▸ **WHAT THE TASK REQUIRES**
Compute how many lines in the entries below contain "this", and output nothing but the number.

▸ **STORED DATA**

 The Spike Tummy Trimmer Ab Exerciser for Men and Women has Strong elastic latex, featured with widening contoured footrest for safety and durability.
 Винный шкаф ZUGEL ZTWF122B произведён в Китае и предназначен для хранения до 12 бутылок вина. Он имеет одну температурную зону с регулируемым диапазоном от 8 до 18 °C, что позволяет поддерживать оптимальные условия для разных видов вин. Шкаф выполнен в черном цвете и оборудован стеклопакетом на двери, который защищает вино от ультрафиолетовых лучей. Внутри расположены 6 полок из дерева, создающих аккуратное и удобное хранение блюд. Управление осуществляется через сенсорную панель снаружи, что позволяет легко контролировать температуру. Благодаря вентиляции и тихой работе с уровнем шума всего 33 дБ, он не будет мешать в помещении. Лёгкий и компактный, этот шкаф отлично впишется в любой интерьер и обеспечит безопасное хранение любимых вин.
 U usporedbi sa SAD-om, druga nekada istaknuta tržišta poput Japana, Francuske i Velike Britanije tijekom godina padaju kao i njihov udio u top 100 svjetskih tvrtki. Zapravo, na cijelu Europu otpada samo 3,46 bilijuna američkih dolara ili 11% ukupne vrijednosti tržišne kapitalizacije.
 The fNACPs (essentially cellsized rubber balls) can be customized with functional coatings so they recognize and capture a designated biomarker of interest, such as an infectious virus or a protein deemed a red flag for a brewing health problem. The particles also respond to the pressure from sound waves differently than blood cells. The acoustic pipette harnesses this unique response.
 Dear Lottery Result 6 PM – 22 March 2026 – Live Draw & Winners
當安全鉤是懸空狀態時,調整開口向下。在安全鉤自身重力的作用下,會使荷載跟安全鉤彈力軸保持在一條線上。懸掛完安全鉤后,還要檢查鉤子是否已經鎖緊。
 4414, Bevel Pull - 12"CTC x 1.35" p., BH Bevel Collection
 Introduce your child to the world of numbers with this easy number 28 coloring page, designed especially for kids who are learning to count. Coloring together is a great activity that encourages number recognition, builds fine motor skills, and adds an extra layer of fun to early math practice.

▸ **ANSWER TO THE PROBLEM**
2